Even playing off of a crappy all-in-one AIWA, the SDAs sounded pretty darn good. I jumped on it and talked the guy down to $175.

I took them to the shop and hooked them up to my Onkyo TX-SV727 and started bumping. I was not impressed. I thought, "Where is all the bass I heard earlier, I know my home speakers (JBL CF120s that I have always thought were fantastic since I bought them new in 1997) sound how I like, so maybe I'll bring them to the shop and see which speakers work better."

I brought my JBLs in and set up both pairs using A and B outputs.

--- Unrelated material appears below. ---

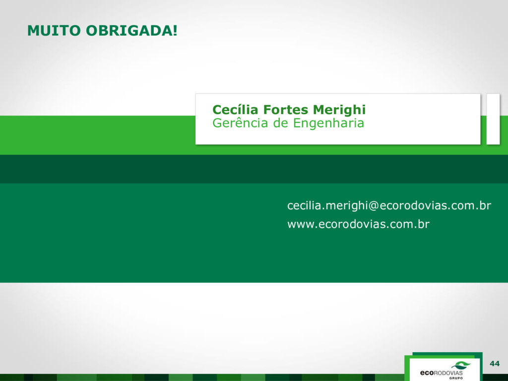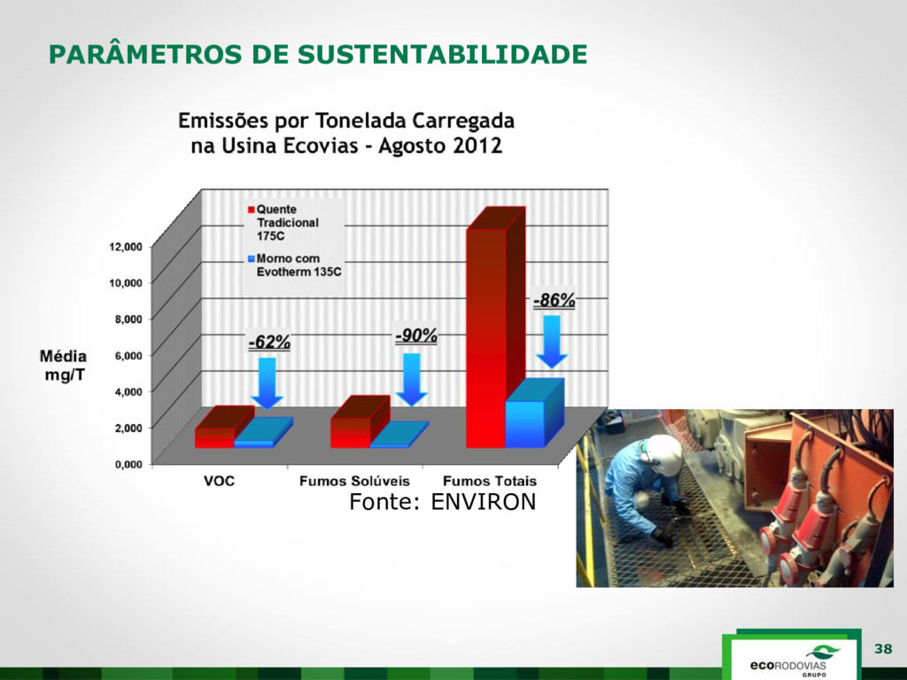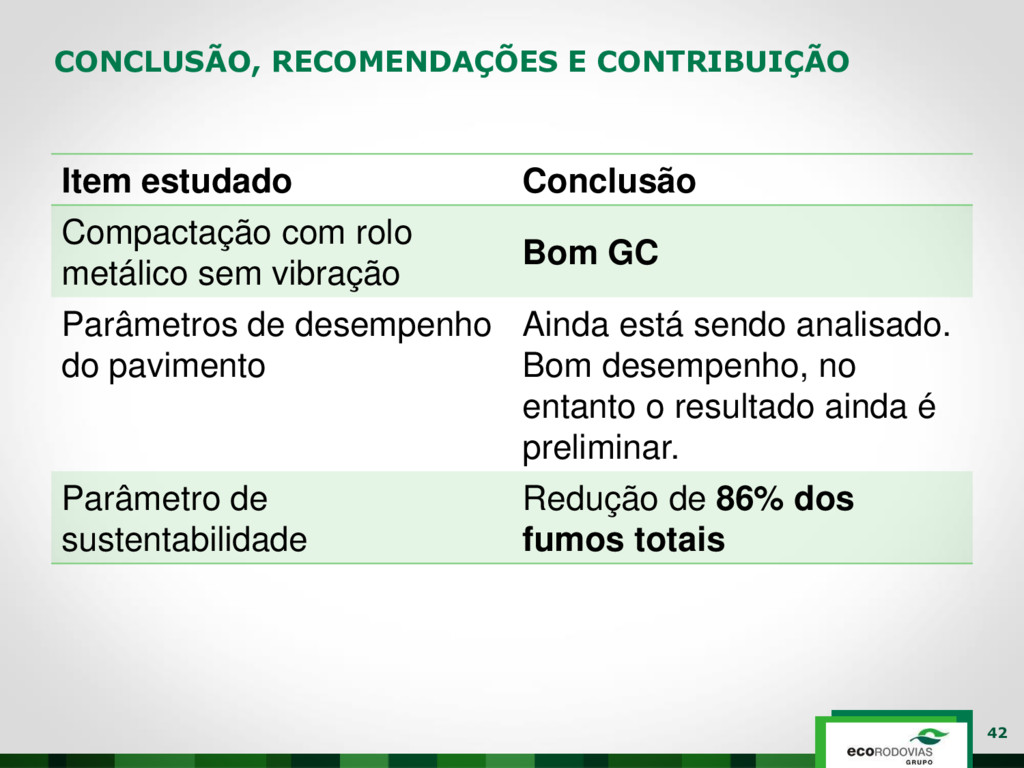 metálico sem vibração Bom GC Parâmetros de desempenho do pavimento Ainda está sendo analisado. Bom desempenho, no entanto o resultado ainda é preliminar. Parâmetro de sustentabilidade Redução de 86% dos fumos totais 42
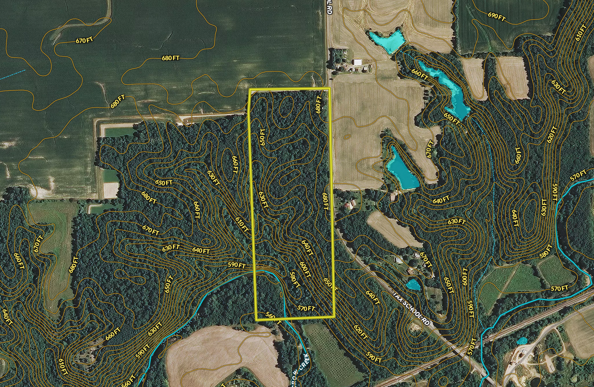 If you are in the market for a total recreation and hunting farm, this is it. This all timber property has about everything to offer to get you outdoors. The deer hunting on this property should be phenomenal. The property is covered in beaten-down deer trails and offers plenty of cover for deer to bed. The current landowner has taken several nice deer in the past. What makes this property also unique is that you have multiple access points to enter the property to hunt any wind direction. More than half of the east side of the farm is frontage to Tax School Road, and the entire north end of the farm has a well maintained private gravel driveway that is part of the property. They have also spotted large groups of turkeys as well. The northeast corner of the farm has been cleared out to accommodate a camper, but could easily be the perfect spot for your dream home, cabin, or shop. The property also offers some older trails and wooden bridges that get you access to a large part of the property with an ATV or side by side. The hardwood tree make-up is of red and black oak, hickory, and walnut, with some maple, cherry, sycamore and locust, and could present a harvest opportunity for income to the new buyer. Another asset to the farm is Crow Creek. This year-round water source cuts through the southwest part of the property for approximately 700 feet and provides a constant water source for wildlife. The current owners have even caught some good-sized fish out of some of the deeper parts of water. It also provides a fun spot to find rocks and cool off in the summer months. Please give me a call if you’re looking for that perfect sized hunting property or a place to build on.

I couldn't believe how much better my JBLs sounded at the shop, compared to the SDAs. Not quality-wise, but the JBLs put out the quantity and bass I needed at the shop, and thought that I could enjoy quality of the SDAs better at home. I have to say that putting the two sets next to each other, I couldn't understand why I had ever liked the sound coming out of the JBLs.

So, I brought the SDAs home.and hooked them up to my Marantz SR880 receiver. Again, I was disappointed. I was getting very little bass, and I had to turn the receiver up much more than for the JBLs. And, on top of that, the amp was shutting off after 20 or 30 minutes of play. I couldn't figure out what was happening.

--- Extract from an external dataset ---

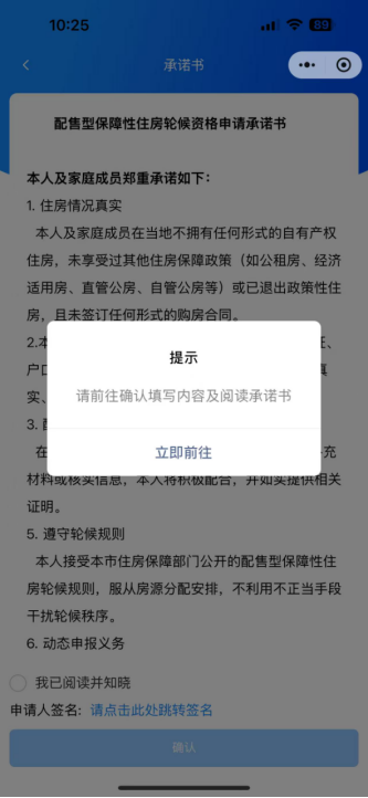 十二、點(diǎn)擊“立即前往”,接著返回到“承諾書”界面。勾選“我已閱讀并知曉”,并繼續(xù)點(diǎn)擊“請點(diǎn)擊此處跳轉(zhuǎn)簽名”,進(jìn)行申請人個(gè)人“簽名”,簽名完成后點(diǎn)擊確認(rèn)。
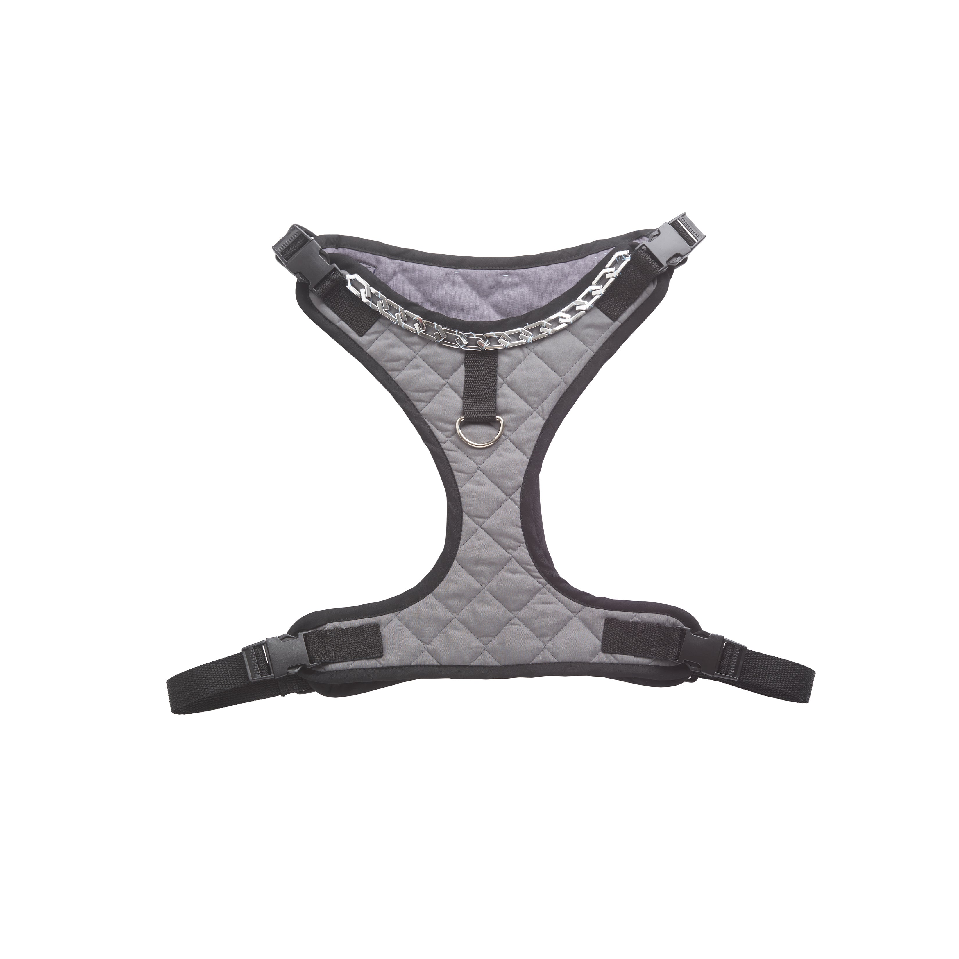 Lined, lightly padded harnesses with parachute clip closures, D-ring for leash attachment and edges finished with purchased binding have adjustable webbing straps at chest for a comfortable fit. 2" (5cm) wide leash has snap hook, bound edges and looped handle. Harnesses and leashes have chain, decorative braid and fabric flower trim options. See envelope for more information.

I started my research again. It seemed that my Marantz was not happy playing 4 ohm speakers, so I started researching amplifiers. I was between Parasound HCA 1200 and an Adcom GFA 555. I found an HCA 1200mkii locally on Craigslist, but the guy never responded, so j kept looking. Then I found a few GFA 555s on eBay (both the original and second model). I pulled the trigger on a slightly scratched $300 original (with pictures of a clean inside).

So, I'm waiting for the Adcom now, and decided to try a little speaker positioning. (I've read about how important that is with theae speakers.) I tried everything, against the wall, 3" out, 6" out, closer to each other, further apart. I would walk around the room, angle the speakers toward the center, away, it just never sounded good. I sat on the couch again, feeling defeated and ready to just wait for the amp, hoping it would fix it, I noticed that when I leaned to one side, bass would suddenly appear. Then I intentionally tried leaning, yep there it was.

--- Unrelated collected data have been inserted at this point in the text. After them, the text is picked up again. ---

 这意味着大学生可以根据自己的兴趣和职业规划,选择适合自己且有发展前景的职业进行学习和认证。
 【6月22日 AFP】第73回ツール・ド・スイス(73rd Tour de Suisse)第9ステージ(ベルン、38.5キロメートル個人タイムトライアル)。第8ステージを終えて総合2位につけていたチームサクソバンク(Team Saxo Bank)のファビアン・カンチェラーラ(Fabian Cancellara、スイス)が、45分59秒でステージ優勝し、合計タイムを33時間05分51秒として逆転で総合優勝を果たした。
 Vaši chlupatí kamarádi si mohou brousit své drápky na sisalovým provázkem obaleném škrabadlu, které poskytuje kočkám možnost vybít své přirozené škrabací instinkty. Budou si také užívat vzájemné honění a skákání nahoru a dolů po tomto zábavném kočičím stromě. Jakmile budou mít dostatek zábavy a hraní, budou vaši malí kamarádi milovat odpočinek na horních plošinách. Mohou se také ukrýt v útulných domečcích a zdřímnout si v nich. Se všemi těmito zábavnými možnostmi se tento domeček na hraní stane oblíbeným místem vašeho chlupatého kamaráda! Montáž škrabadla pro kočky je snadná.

It got me thinking. I remembered that somebody responded to a similar list about missing bass, saying that polarity might be reversed, so I checked... Yep, that was the problem.

So as the night rolled on, ithe wife and I decided to put in a movie. Since the speakers were working correctly, I needed to set up individual levels through.the Marantz menu (it plays white (or pink) noise through individual speakers so you can adjust the kegs to each other). When I did so, I noticed that the left speaker seemed to be noticably quieter and a much less highs. Now I'm worried that I've blown something in the tweeter.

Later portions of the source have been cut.